🤖 AI Summary
Existing methods struggle to generate full-body talking animations driven jointly by audio and text from a single portrait image. This paper proposes the first text-controllable, audio-driven full-body motion generation framework. First, we introduce a codebook-to-pose translation module to enhance motion naturalness. Second, we design a multimodal video diffusion model that fuses Whisper audio embeddings, CLIP text encodings, and 2D DWpose-guided motion representations for high-fidelity animation synthesis. Our method accepts either headshot or full-body portrait inputs, significantly improving visual quality, identity preservation, and lip-sync accuracy. Notably, it enables fine-grained, text-specified full-body gestures—such as “waving” or “nodding”—for the first time. Quantitative and qualitative evaluations demonstrate state-of-the-art performance across multiple metrics, including FID, LSE, and SyncNet score.
📝 Abstract
Human animation from a single reference image shall be flexible to synthesize whole-body motion for either a headshot or whole-body portrait, where the motions are readily controlled by audio signal and text prompts.

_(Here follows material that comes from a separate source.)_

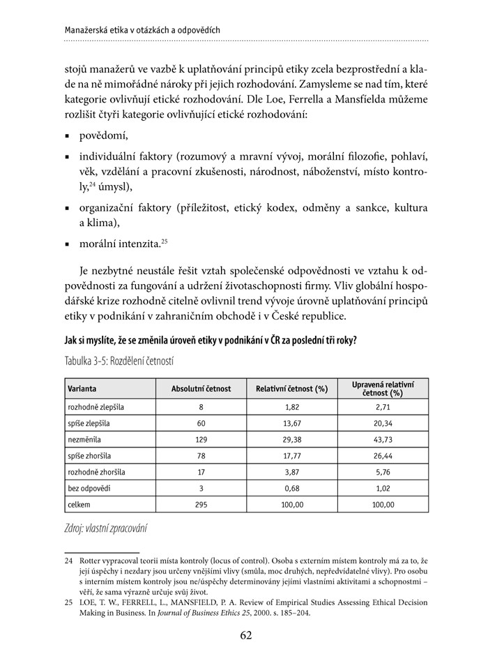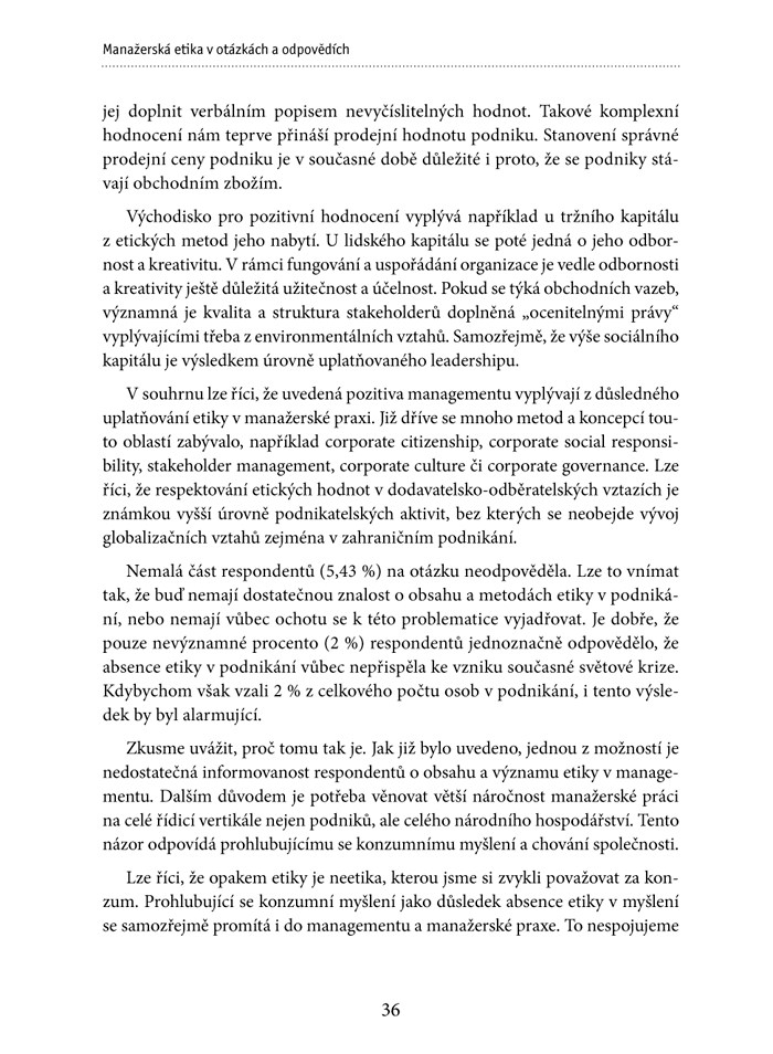 „Kniha Manažerská etika v otázkách a odpovědích zkoumá na relevantním vzorku respondentů povědomí o významu manažerské etiky a zájem aplikovat etiku do manažerské praxe. Publikace přináší důležité poznatky o stavu etiky v managementu, autoři podávají k jednotlivým otázkám vysvětlení jak z hlediska teorie, tak i z pohledu praktického uplatnění.

This is hard for most existing methods as they only support producing pre-specified head or half-body motion aligned with audio inputs. In this paper, we propose a versatile human animation method, i.e., VersaAnimator, which generates whole-body talking human from arbitrary portrait images, not only driven by audio signal but also flexibly controlled by text prompts. Specifically, we design a text-controlled, audio-driven motion generator that produces whole-body motion representations in 3D synchronized with audio inputs while following textual motion descriptions. To promote natural smooth motion, we propose a code-pose translation module to link VAE codebooks with 2D DWposes extracted from template videos. Moreover, we introduce a multi-modal video diffusion that generates photorealistic human animation from a reference image according to both audio inputs and whole-body motion representations. Extensive experiments show that VersaAnimator outperforms existing methods in visual quality, identity preservation, and audio-lip synchronization.